Calgary-based TC Energy said it would work with government agencies "to ensure a safe termination of and exit" from the partially built line, which was to transport crude from the oil sand fields of western Canada to Steele City, Neb.
Construction on the 1,200-mi. pipeline began last year when former President Donald Trump revived the long-delayed project after it had stalled under the Obama administration. It would have moved up to 830,000 barrels (35 million gallons) of crude daily, connecting in Nebraska to other pipelines that feed oil refineries on the U.S. Gulf Coast.
Biden canceled the pipeline's border crossing permit in January over longstanding concerns that burning oil sands crude could make climate change worse and harder to reverse.
Canadian Prime Minister Justin Trudeau had objected to the move , raising tensions between the U.S. and Canada. Officials in Alberta, where the line originated, expressed frustration in recent weeks that Trudeau wasn't pushing Biden harder to reinstate the pipeline's permit.
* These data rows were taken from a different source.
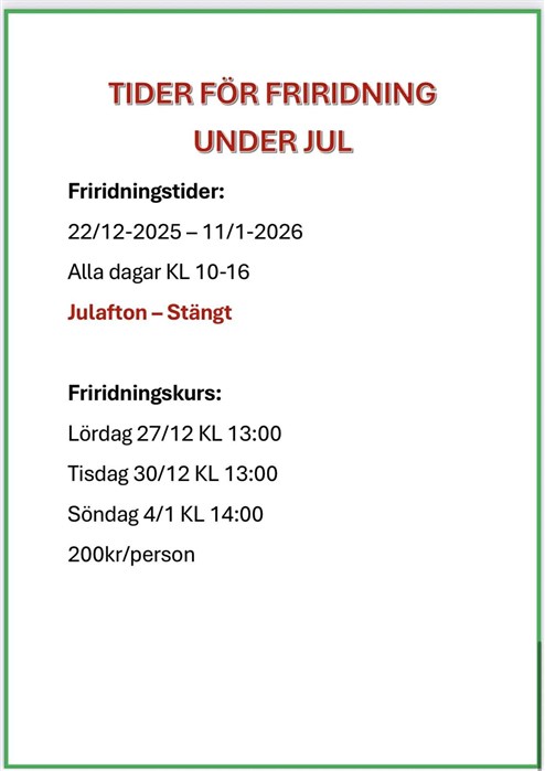 Friridning går inte att boka utan sker i mån av plats och hästar.
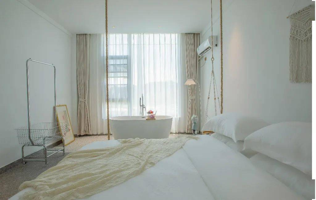 民宿共有14间客房,月初、新禧、岸芷、盛雪......每个房间,都有属于自己自己的名字。大面积的窗户,可以让视线可以落到远处乡野中。
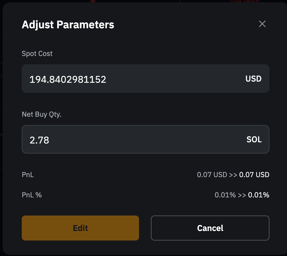 參數修改 | - 當資產餘額大於 0 時,可對現貨成本價進行修改。
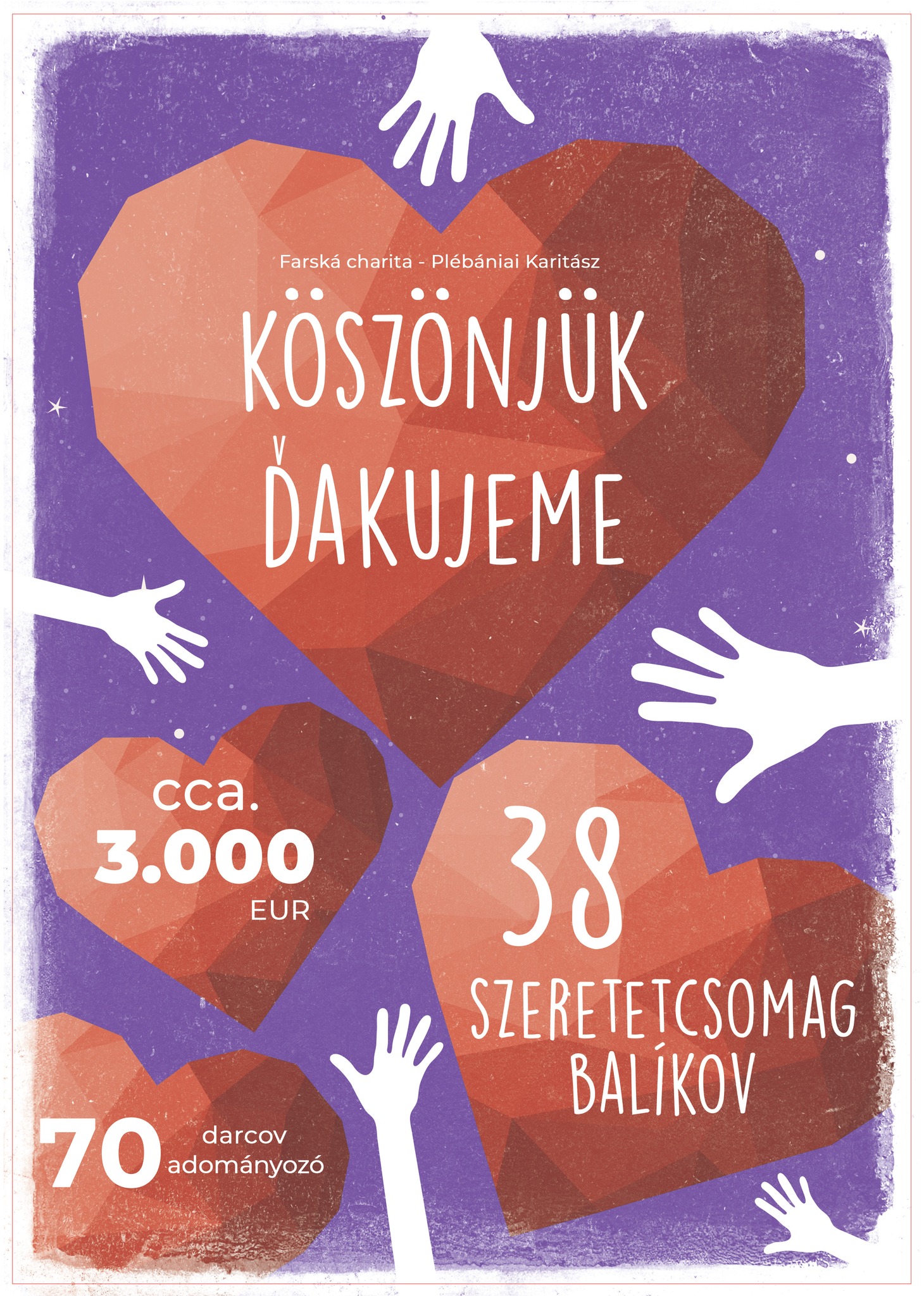 Szívből köszönjük a helyi plébániai karitász adventi tevékenységét és a hívők hozzájárulását, amellyel régiónk szegényebb családjainak életét könnyítik meg! Az Úr áldása kísérje és oltalmazza családjaitokat!
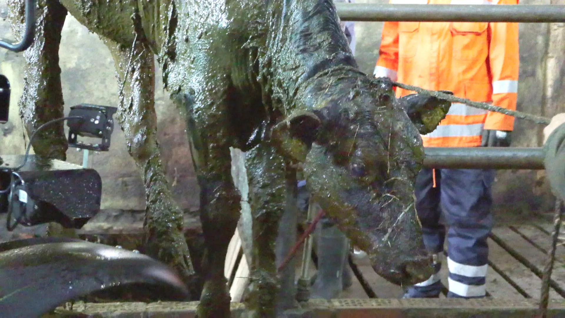 Mit Unterstützung von Mitarbeitern des Hofes und einem hinzugezogenen Tierarzt konnten die Tiere schließlich nach rund zweieinhalb Stunden aus der misslichen Lage befreit werden. Hierzu wurden Bandschlingen unter den Tieren durchgezogen und angebracht, sodass diese mit einem Teleskoplader vorsichtig aus der Grube gehoben werden konnten. Im Anschluss wurden die Jungrinder mit Wasser abgespritzt und durch den Tierarzt untersucht. Alle sechs Tiere überstanden den Sturz und die Rettung unbeschadet und waren wenige Minuten später schon wieder am toben.
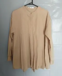鮮やかなレッドの長袖シャツ、プリーツデザインでスタイリッシュ。
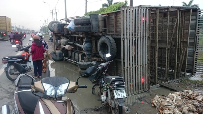 Số vịt nhốt trong xe bị dồn ứ gần 10 phút, sau đó cánh cửa sau bung ra làm gần 800 con vịt chết ngạt văng ra mặt lộ. Tài xế cùng chủ nuôi vịt chứng kiến tài sản bỗng chốc tiêu tan nên không đứng vững...
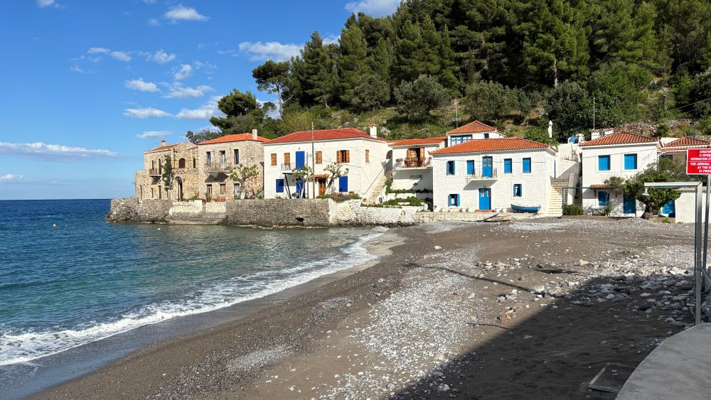 Kiparissi (45 km de revolts, 1h), en un racó, connectat per primera vegada a tot el Peloponès als any 70. Hi ha coves i penya-segats molt buscats pels escaladors i hi viuen uns 400 habitants. En el programa Afers exteriors de Mikimoto fa anys, van parlar d’aquest lloc, i ens el vam apuntar. Hem trigat, però ara arribem a Kyfanta Hotel i ens rep l’Ester. Tenim un estudi molt maco. Passejada al capvespre: veiem cases potents amb tarongers i llimoners amb fruits pel terra. Moltes són d’americans que viuen fora. L’endemà caminem fins a la platja d’Agia Kiriakí i el petit port d’Agios Nikolaos. El dia de Sant Jordi anem a l’ermita de S. Jordi (és un altre Jordi) per un camí de ronda, voltades de plantes i herbes.
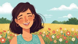 人生を前向きに生きる40代の女性、イラストで描いて_明るいかわいい笑顔、背景は花畑
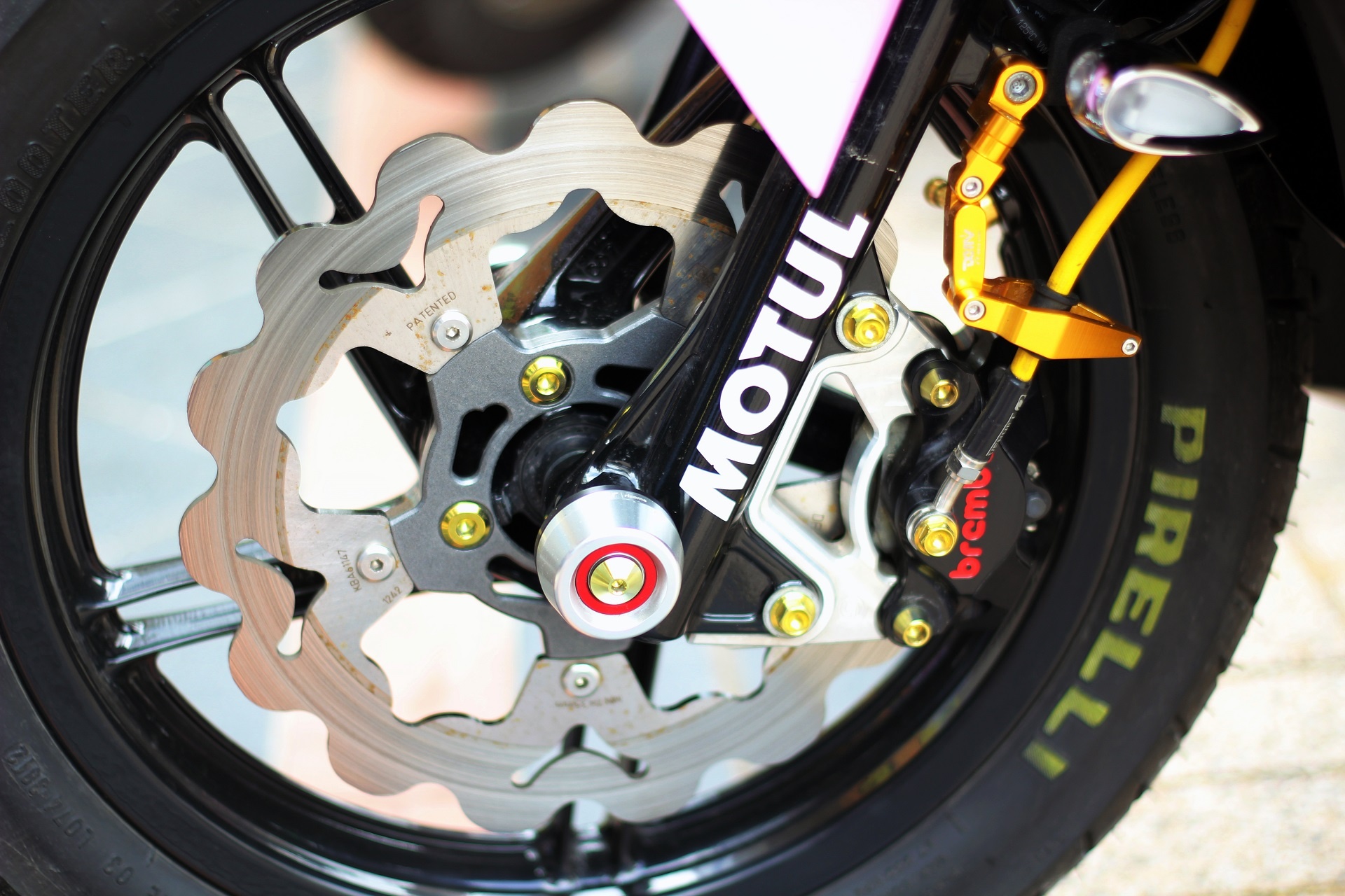 | Đĩa phanh răng cưa, heo dầu của Brembo. |

Alberta invested more than $1 billion in the project last year, kick-starting construction that had stalled amid determined opposition to the line from environmentalists and Native American tribes along its route.
On Montana's Fort Belknap Reservation, tribal president Andy Werk Jr. described the end of Keystone as a relief to Native Americans who stood against it out of concerns a line break could foul the Missouri River or other waterways.
TC Energy said in canceling the pipeline that the company is focused on meeting "evolving energy demands" as the world transitions to different power sources. It said it has $7 billion in other projects under development.
Keystone XL's price tag had ballooned as the project languished, increasing from $5.4 billion to $9 billion. Meanwhile, oil prices fell significantly — from more than $100 a barrel in 2008 to under $70 in recent months — slowing development of Canada's oil sands and threatening to eat into any profits from moving the fuel to refineries.